_Records supplied_
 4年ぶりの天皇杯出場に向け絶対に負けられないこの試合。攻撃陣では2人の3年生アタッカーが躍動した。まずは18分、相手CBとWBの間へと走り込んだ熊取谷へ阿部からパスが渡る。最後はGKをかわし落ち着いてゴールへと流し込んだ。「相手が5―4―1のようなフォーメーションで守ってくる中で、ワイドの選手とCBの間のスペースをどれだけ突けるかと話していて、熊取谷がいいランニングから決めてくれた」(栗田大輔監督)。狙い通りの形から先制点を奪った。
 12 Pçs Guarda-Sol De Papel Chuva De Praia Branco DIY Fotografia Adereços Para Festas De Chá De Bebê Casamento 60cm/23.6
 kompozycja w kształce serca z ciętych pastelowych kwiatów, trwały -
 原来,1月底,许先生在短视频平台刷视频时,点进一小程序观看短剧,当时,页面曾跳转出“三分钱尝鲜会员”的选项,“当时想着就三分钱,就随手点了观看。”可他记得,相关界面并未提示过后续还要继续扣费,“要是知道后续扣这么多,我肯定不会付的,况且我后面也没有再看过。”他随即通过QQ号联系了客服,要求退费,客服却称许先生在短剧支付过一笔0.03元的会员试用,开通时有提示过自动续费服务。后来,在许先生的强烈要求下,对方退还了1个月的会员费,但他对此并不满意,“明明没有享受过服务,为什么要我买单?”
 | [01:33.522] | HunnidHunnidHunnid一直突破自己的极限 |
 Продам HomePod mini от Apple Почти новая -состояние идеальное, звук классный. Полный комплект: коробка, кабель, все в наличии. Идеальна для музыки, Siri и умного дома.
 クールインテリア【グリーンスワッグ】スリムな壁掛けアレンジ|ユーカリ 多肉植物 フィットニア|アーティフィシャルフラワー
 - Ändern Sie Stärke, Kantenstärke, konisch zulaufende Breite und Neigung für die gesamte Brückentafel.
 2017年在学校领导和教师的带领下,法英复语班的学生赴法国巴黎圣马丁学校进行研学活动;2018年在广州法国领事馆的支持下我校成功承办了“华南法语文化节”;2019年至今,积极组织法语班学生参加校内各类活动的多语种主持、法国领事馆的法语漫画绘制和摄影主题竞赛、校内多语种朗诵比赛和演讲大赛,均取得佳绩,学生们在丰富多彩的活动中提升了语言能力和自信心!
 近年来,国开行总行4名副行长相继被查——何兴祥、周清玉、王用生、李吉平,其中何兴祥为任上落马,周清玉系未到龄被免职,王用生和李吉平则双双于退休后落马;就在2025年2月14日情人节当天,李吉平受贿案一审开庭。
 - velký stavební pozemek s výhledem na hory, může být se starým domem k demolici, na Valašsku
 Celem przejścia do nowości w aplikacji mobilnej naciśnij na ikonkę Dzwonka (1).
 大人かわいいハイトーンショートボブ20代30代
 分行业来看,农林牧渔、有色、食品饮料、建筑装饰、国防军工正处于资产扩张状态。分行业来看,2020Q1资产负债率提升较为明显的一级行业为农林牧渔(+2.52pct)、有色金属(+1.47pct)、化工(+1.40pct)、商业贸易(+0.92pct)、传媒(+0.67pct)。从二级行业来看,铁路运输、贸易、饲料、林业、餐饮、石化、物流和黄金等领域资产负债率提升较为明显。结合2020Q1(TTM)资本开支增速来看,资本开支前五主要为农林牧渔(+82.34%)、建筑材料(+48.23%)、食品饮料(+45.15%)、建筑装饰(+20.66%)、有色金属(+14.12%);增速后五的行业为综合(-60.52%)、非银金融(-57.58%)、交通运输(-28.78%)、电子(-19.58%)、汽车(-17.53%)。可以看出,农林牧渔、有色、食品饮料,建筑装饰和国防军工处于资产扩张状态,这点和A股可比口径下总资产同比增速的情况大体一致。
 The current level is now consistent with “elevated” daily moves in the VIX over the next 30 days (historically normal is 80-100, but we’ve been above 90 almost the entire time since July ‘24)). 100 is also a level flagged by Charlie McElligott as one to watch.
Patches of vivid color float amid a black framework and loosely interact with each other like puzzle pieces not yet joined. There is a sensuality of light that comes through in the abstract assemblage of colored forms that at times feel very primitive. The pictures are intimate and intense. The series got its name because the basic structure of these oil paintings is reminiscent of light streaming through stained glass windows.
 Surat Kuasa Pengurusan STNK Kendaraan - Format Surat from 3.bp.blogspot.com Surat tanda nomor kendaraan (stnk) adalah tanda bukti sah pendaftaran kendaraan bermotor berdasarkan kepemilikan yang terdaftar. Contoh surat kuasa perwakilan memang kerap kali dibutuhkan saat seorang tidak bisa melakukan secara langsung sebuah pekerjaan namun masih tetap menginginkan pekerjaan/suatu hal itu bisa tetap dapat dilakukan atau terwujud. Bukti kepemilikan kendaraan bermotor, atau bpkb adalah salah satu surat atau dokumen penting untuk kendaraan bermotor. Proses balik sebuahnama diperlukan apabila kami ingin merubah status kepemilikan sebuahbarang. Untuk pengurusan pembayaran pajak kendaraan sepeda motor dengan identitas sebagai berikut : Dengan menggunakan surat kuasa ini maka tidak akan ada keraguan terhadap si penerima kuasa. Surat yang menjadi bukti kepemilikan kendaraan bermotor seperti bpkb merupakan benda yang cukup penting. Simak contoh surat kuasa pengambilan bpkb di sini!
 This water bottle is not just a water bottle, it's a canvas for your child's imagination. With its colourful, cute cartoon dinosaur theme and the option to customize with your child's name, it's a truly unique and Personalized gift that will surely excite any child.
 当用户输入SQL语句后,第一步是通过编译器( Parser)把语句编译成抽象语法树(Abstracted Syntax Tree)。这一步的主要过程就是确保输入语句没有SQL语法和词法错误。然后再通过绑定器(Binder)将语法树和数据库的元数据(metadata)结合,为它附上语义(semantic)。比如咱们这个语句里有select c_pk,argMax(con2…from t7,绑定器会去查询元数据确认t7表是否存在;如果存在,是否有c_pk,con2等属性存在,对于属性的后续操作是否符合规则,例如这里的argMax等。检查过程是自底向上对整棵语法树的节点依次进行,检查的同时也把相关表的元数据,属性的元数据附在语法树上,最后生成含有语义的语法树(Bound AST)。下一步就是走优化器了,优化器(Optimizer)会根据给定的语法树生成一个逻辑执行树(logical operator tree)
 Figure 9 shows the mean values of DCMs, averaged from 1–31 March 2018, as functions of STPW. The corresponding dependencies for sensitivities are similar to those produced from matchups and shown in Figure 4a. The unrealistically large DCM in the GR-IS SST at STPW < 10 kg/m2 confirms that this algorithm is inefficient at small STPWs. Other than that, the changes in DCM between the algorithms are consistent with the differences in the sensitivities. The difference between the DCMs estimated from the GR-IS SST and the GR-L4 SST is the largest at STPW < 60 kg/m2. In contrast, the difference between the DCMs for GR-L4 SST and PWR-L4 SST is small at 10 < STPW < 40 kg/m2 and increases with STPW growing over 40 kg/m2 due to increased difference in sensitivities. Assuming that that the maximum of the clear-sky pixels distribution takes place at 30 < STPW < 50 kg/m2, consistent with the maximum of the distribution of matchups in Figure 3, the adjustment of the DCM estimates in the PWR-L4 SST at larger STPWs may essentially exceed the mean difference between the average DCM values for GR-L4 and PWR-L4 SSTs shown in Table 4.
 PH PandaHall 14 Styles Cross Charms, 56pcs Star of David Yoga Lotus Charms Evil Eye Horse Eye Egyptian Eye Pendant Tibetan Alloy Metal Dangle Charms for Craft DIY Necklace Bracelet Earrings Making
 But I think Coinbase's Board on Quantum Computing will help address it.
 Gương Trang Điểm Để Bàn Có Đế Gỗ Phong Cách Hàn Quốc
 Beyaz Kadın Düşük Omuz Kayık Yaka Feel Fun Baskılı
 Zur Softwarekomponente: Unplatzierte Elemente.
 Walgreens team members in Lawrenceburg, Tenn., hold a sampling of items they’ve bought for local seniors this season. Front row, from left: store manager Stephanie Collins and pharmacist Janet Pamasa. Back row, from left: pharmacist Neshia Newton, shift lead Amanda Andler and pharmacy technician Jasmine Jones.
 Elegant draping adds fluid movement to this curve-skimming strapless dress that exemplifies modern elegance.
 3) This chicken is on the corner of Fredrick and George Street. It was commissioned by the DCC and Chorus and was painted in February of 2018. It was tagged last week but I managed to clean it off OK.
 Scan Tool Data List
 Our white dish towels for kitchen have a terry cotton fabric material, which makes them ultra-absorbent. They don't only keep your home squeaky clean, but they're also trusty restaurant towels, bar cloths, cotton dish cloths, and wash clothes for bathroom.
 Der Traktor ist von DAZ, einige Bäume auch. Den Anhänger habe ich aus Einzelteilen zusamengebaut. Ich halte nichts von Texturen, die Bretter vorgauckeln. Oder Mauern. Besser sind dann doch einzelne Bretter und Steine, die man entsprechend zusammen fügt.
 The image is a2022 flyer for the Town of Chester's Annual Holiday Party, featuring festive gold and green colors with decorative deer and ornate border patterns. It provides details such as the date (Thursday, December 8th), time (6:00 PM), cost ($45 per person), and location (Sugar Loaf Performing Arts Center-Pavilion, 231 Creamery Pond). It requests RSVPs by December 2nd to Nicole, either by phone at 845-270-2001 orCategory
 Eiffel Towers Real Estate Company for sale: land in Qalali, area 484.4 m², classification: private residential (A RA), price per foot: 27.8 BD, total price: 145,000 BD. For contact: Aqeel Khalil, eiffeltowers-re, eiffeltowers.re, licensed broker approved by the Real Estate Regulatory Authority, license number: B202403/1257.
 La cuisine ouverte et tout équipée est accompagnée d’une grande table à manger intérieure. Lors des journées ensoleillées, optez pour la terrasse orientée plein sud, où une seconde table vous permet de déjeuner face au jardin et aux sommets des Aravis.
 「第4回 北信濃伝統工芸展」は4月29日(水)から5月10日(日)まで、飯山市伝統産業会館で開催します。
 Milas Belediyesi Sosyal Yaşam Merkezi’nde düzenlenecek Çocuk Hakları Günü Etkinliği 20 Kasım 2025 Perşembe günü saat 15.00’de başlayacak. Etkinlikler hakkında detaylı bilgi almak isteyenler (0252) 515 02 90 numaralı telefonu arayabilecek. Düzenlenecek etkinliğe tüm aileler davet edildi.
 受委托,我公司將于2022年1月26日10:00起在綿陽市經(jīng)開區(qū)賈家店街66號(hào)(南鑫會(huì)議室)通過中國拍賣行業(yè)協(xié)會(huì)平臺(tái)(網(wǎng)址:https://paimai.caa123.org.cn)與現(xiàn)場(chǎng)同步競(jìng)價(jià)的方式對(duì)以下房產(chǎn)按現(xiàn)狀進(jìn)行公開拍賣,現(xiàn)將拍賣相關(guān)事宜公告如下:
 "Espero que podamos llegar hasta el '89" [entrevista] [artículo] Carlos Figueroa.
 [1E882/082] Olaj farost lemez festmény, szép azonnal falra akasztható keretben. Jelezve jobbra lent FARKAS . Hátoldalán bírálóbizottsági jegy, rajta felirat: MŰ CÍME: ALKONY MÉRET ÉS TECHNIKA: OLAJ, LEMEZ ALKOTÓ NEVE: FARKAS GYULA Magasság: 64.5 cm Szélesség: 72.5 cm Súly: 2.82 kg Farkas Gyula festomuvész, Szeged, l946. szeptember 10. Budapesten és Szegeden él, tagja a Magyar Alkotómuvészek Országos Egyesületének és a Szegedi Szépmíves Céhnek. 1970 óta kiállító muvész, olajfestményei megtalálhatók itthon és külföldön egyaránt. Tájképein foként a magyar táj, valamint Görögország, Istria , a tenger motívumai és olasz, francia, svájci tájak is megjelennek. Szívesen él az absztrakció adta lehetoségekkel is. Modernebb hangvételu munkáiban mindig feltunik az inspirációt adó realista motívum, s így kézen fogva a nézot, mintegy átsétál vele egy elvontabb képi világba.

_Try it_
Search the entries above for the string "clean". Copy each line that holds it.

_Exercise solution_
 3) This chicken is on the corner of Fredrick and George Street. It was commissioned by the DCC and Chorus and was painted in February of 2018. It was tagged last week but I managed to clean it off OK.
 Our white dish towels for kitchen have a terry cotton fabric material, which makes them ultra-absorbent. They don't only keep your home squeaky clean, but they're also trusty restaurant towels, bar cloths, cotton dish cloths, and wash clothes for bathroom.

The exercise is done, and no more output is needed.